Закрыв калитку, Григорий по уже укоренившейся привычке незаметно оглянулся. Вроде всё спокойно, улица пуста. Подняв воротник пальто, он быстро зашагал к перекрёстку улиц. Пройти два квартала, и — госпиталь в купеческом особняке. Договорился с Александром и хирургом, что будет сегодня ассистировать на ночных экстренных операциях: днём привезли много раненых, прямо с близких позиций.
В тишине улицы чётко раздавался звук его шагов. И вдруг показалось: он сделал шаг, и тут же сзади прозвучал шаг — кто-то шёл в ногу с ним и вот сбился.
Григорий резко оглянулся. За ним следовали двое. Саженях в двадцати виднелось две фигуры, оба одинакового роста. Шедшие сзади, похоже, в нерешительности приостановились.
Сомнений быть не могло: эти двое — по его душу.
«Выследили, мерзавцы! — лихорадочно думал Каминский, соображая, как поступить. — И, коли их двое, значит, была засада. Очевидно, сыщики пошли за всеми товарищами. Но почему же они не попытались взять нас на квартире?»
...И тут необходимо сделать маленькое отступление.

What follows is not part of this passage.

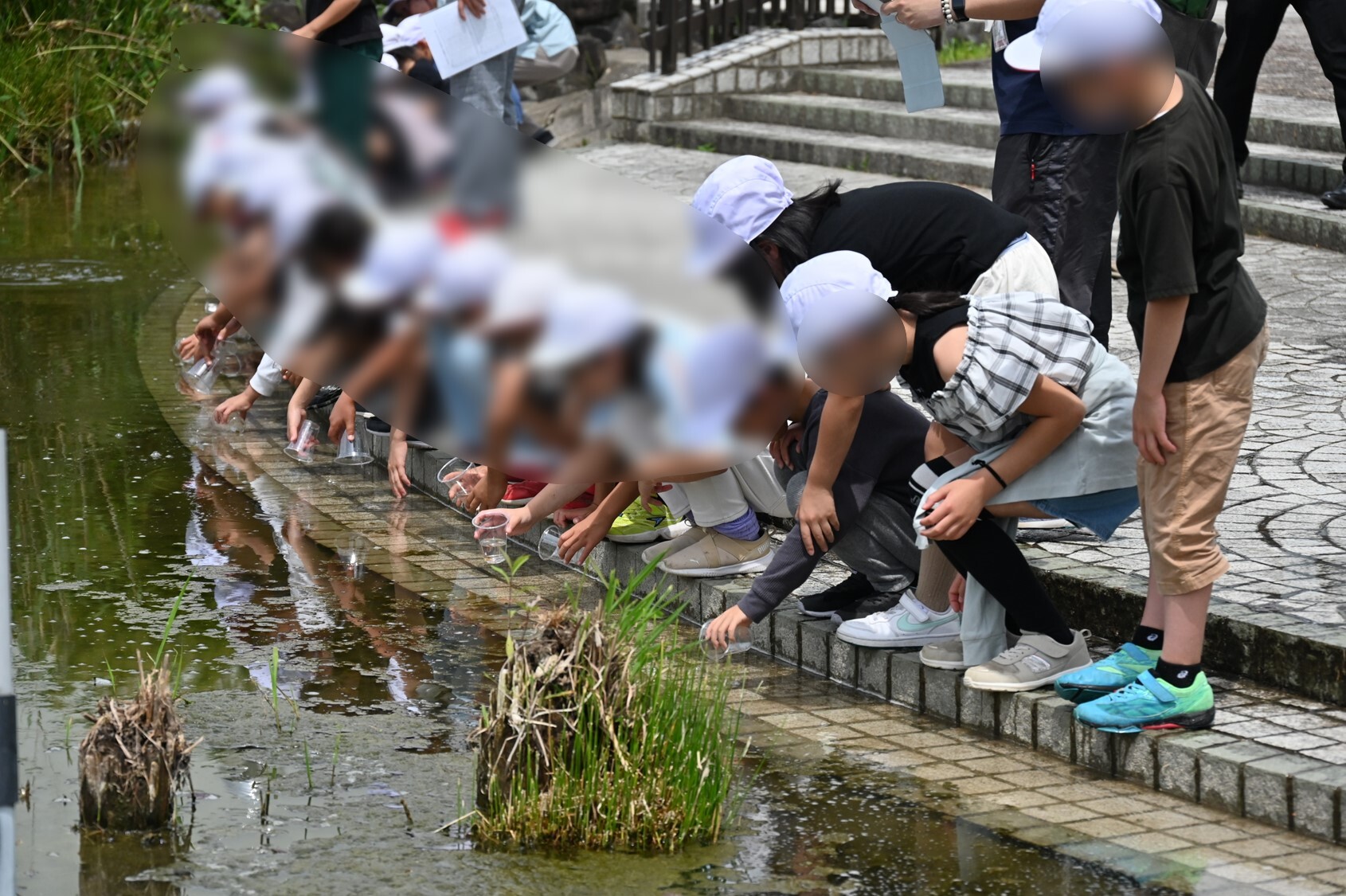 このイベントは、水のある環境や命の大切さを学んでもらうために毎年開催されているもので、市内小学校協力のもと、プール清掃で流されてしまうヤゴを救出し、高度処理水を利用した池に放流するものです。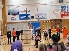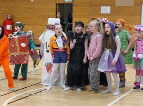 Á öskudaginn er hefðin sú hjá yngsta og miðstigi að hittast í íþróttahúsinu, horfa á hæfileikakeppni, slá köttinn úr tunnunni, dansa og veita verðlaun fyrir hæfileikakeppnina og besta og frumlegasta búininginn. Friðrik Jarl í 5. bekk fékk verðlaun fyrir flottasta atriðið í hæfileikakeppninni og stelpur í 4. bekk fyrir frumlegasta atriðið. Helena Draumey í 5. bekk fékk verðlaun fyrir frumlegasta búninginn, Sigurbjörn Ívar í 6. bekk fyrir flottasta búningin, Auður, Nanna og Freyja fyrir skemmtilegasta hópbúninginn og Guðjón fyrir flottasta kennarabúninginn.

На следующий день на массивном столе из красного дерева в кабинете. начальника департамента полиции по Минской губернии полковника Мстислава Николаевича Всесвятского лежало донесение, подписанное секретным агентом Крысой. В нём говорилось: «Сим довожу до Вашего сведения. На квартире слесаря Иванова В.П. вчера собрались руководители большевистских групп, всего четырнадцать человек. Нас было восьмеро. Действовал согласно инструкции и разработанного плана. Как только стало ясно, что собрались все, кого тут ждали, послал Зайца за большим нарядом полиции. Мы с вами такой случай обговорили. Однако наряд прибыл через один час сорок восемь минут! А наблюдаемые стали расходиться через один час десять минут. Действовали по обстановке. Шестерых послал по следу за теми, кто вышел первыми. Сам с Верблюдом остался ждать полицейский наряд, чтобы арестовать хозяина квартиры Иванова В.П. Но тут из калитки вышел ещё один. И я узнал его! «Гимназист». Не единожды он уходил от нас, и, как я уже докладывал Вашей светлости, личность «гимназиста» не установлена. Мы с Верблюдом пошли за ним. Верблюда я специально взял вторым. Для верности: понимал, что «гимназиста» надо выследить до конца или брать. Но он ушёл от нас! Вернее, убежал. Убежал в открытую, и мы не могли за ним угнаться. Такого в моей практике за многие годы ещё не было никогда. Чтобы наблюдаемый устраивал открытые бега. Сукин сын этот «гимназист». Удушил бы собственными руками. А меня, Ваша светлость, казните или милуйте. Отдаюсь в Вашу волю. Только знайте: ничего другого на этом свете я делать не умею».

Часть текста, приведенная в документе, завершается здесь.